The Digital Typhoon Project is a project aimed to be an example of the application of meteoinformatics to large-scale real-world issues. The two primary challenges of this project are to (1) build, for the typhoon image collection, large-scale scientific databases which are the foundation of meteoinformatics, and (2) to establish algorithms and database models for the discovery of information and knowledge useful for typhoon analysis and prediction.
The Dataloader contained within this project addresses the first challenge. It is built for the Kitamoto Lab typhoon dataset and its structure, and is designed to be a easily accessible PyTorch-based interface with the dataset. Through it the user can (1) access typhoon images via index, typhoon ID, or season, (2) load all data into memory if desired, and (3) randomly split the dataset into buckets for model training, by image, season, or typhoon ID while preventing leakage between the buckets.

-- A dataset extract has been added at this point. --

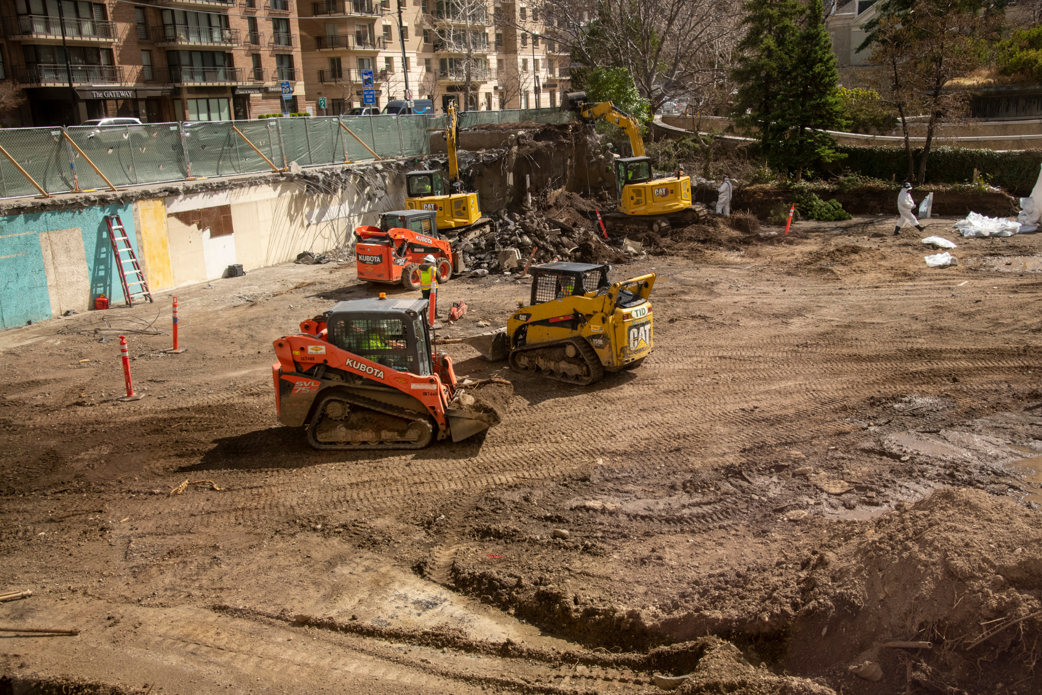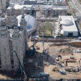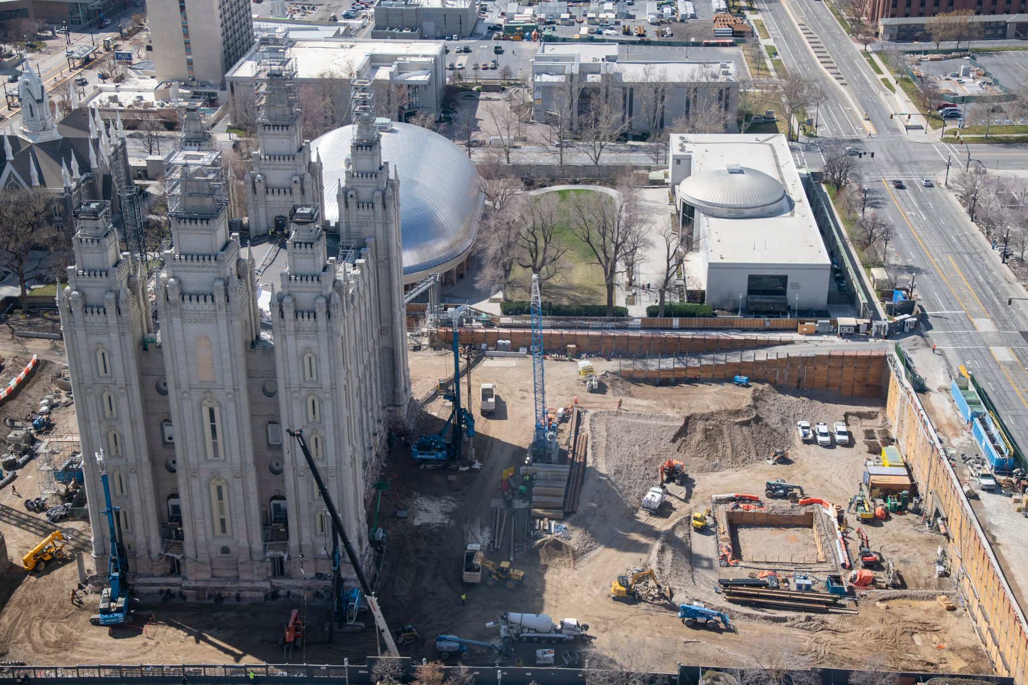 2021 by Intellectual Reserve, Inc. All rights reserved.Aerial view of Salt Lake Temple Renovation, with focus on the area north of the temple. The square-shaped excavation on the right side of the picture is where the foundation for another tower crane will be placed.

See readthedocs documentation here.
This project uses:
- python3
- torch
- torchvision
- numpy
- pandas
- h5py
- Clone and enter the repo
git clone https://github.com/kitamoto-lab/pyphoon2 cd pyphoon2
- Install the package
pip3 install .
- To uninstall, run
pip3 uninstall pyphoon2
Below is a brief example on how to initialize and access data using the DataLoader:
- Import the Dataset class
You can also import the submodules
from pyphoon2.DigitalTyphoonDataset import DigitalTyphoonDataset
DigitalTyphoonSequence
,DigitalTyphoonImage
, andDigitalTyphoonUtils
in the same way if desired:from pyphoon2.DigitalTyphoonSequence import DigitalTyphoonSequence from pyphoon2.DigitalTyphoonImage import DigitalTyphoonImage from pyphoon2.DigitalTyphoonUtils import *
- Instantiate the loader
# See the documentation for description of the optional parameters. dataset_obj = DigitalTyphoonDataset("/path/to/image/directory/", "/path/to/metadata/directory/", "/path/to/metadata.json", ('grade', 'lat', 'long'), # labels to return when indexing split_dataset_by='sequence', load_data_into_memory=False, ignore_list=[], verbose=True)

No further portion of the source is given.